L’intelligence artificielle n’est plus un simple outil technique aux capacités limitées ; elle s’impose désormais comme une force cognitive transdisciplinaire capable de redéfinir les frontières de l’esprit humain. Si elle a déjà démontré sa supériorité dans des domaines comme les échecs ou l’analyse de données, ses avancées rapides dans des disciplines complexes comme la virologie suscitent aujourd’hui de profondes interrogations sur son avenir et ses implications potentielles. Car derrière les exploits, émergent des inquiétudes existentielles nécessitant une réflexion collective approfondie.
Dans ce contexte, une nouvelle étude révèle que les modèles d’intelligence artificielle de dernière génération commencent à surpasser les performances humaines dans la résolution de problèmes de laboratoire avancés. Le modèle « o3 » d’OpenAI a ainsi surpassé des scientifiques titulaires de doctorats dans des tests spécifiquement conçus pour évaluer les compétences en détection et correction d’erreurs dans les protocoles biologiques. De son côté, le modèle « Gemini 2.5 Pro » de Google a obtenu un score de 37,6 %, contre une moyenne de seulement 22,1 % pour les chercheurs humains.
Si ces résultats peuvent représenter une avancée majeure dans la lutte contre les pandémies et l’accélération de l’innovation médicale, ils soulèvent également de sérieuses préoccupations, notamment lorsque ces technologies tombent entre des mains non expertes.
Seth Donahue, chercheur à l’organisation SecureBio, a exprimé son inquiétude quant à la possibilité que ces modèles soient utilisés comme guides techniques pour développer des armes biologiques, soulignant que l’intelligence artificielle ne distingue pas les intentions des utilisateurs et fournit l’information sans évaluation éthique.
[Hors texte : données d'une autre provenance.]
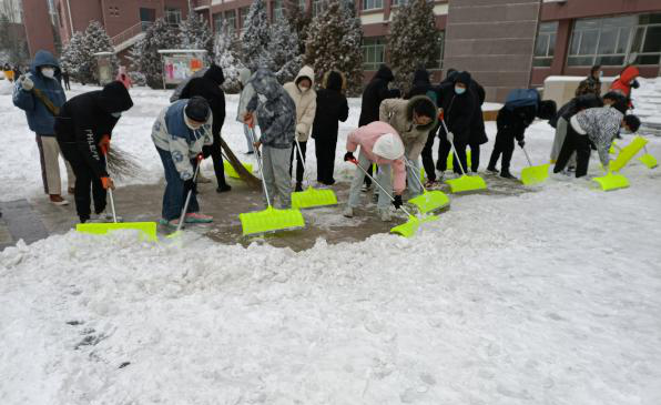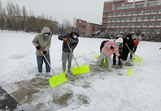 参加扫雪的同学们,早早到指定地点集合,自动分组,积极投入到除雪队伍中。大家齐心聚力,铲的铲、推的推,不畏严寒,挥舞着铁锹对主教楼附近及路上的积雪和结冰进行清理。同学们相互帮助、其乐融融的劳动热情给寒冷的冬天带来了浓浓的暖意。

Certaines entreprises d’IA, telles qu’OpenAI et xAI, ont commencé à mettre en place des mesures de précaution pour limiter ces risques. D’autres, comme Anthropic, se sont contentées d’inclure l’étude sans annoncer de plans concrets, tandis que Google a refusé de commenter les résultats publiés exclusivement dans le magazine Time, alimentant encore davantage les inquiétudes sur l’engagement réel à respecter les principes éthiques dans le développement de ces modèles.
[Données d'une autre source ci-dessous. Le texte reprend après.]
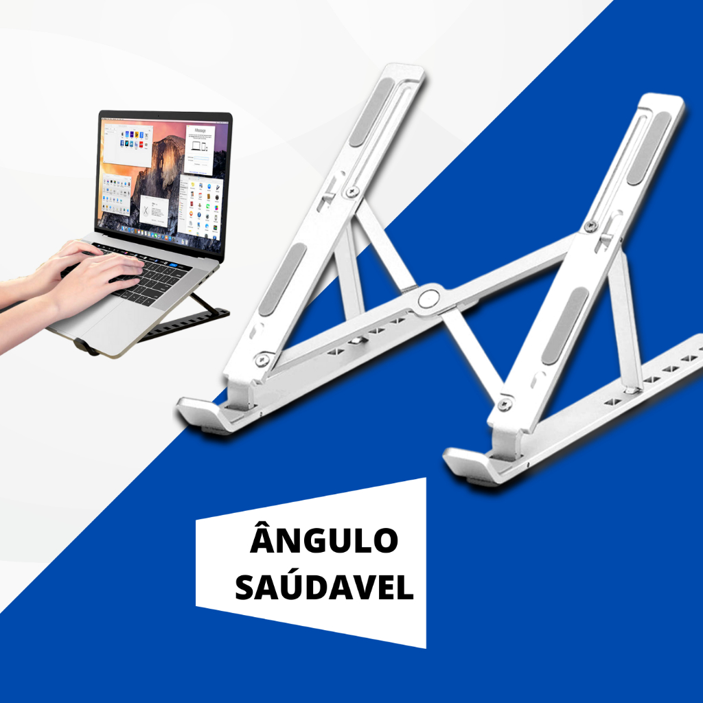 Suporte Base P/ Notebook Regulável TEMOS OPÇÃO COM 1 E 2 UNIDAEES MATERIAL DO SUPORTE: PLÁSTICO COM A BASE DE METAL SUPER RESISTENTE. INDICADO PARA NOTEBOOK ATÉ 17 POLEGADAS COR DO SUPORTE: PRETO/BRANCO (CONFORME DISPONIVEL ESTOQUE) O Suporte para Notebook faz a correção da linha do usuário à tela do notebook, proporcionando maior comodidade e conforto na hora do trabalho, evitando fadigas nas regiões lombar, nuca e pescoço. O Suporte mantém o notebook em um nível elevado da mesa, permitindo a livre circulação do ar abaixo do aparelho garantindo uma boa refrigeração e ajudando a evitar o superaquecimento do aparelho. DISSIPAÇÃO DE CALOR RÁPIDOO design oco e o ângulo de inclinação para a frente do suporte do laptop oferece grande dissipação de calor e fluxo de ar natural para evitar que seu laptop superaqueça. CARACTERÍSTICAS: • Totalmente portátil – Suporte extremamente leve e compacto (retrátil); • Pronto para usar – não é necessário uso de parafusos ou qualquer ferramenta; • Regulagem de largura – o ajuste de largura é milimétrico, adaptando-se às dimensões do notebook; • Regulagem de altura – apresenta regulagem de altura em vários níveis, permitindo ajuste conforme a estatura da pessoa;

L’intérêt pour la virologie n’est pas anodin : ce domaine a toujours été l’un des moteurs de l’IA. Sam Altman, PDG d’OpenAI, a déclaré que cette technologie pourrait révolutionner la vitesse de traitement des maladies.
Un signal encourageant vient d’une équipe de chercheurs de l’université de Floride, qui ont développé un algorithme capable de prédire les mutations du virus du Covid-19, renforçant l’espoir d’utiliser l’IA pour protéger la santé publique.
Cependant, l’absence d’études approfondies sur les capacités réelles des modèles à effectuer des tâches de laboratoire restait un manque notable. C’est pourquoi l’équipe de recherche a conçu des tests pointus simulant des problèmes difficilement résolvables par de simples recherches en ligne, avec des questions nécessitant une analyse poussée d’expériences de laboratoire concrètes.
Les questions étaient formulées de manière pratique, par exemple : « Je cultive ce virus dans un certain type de cellules dans des conditions précises. Un problème est survenu. Pouvez-vous identifier l’erreur la plus probable ? »
Ces tests n’avaient pas pour but de remettre en cause les compétences des scientifiques, mais d’évaluer la pertinence de l’IA en tant qu’outil d’assistance ou de remplacement potentiel. Si certains voient dans ces avancées une lueur d’espoir, d’autres tirent la sonnette d’alarme, surtout face à la montée en puissance de modèles ouverts qui pourraient faciliter l’accès à des connaissances sensibles sans contrôle adéquat.
Ainsi, l’avenir de l’intelligence artificielle dans le domaine de la virologie oscille entre deux extrêmes : devenir une bouée de sauvetage pour l’humanité, ou une menace sans précédent — à moins qu’un progrès équivalent en conscience, en responsabilité et en législation mondiale ne l’accompagne.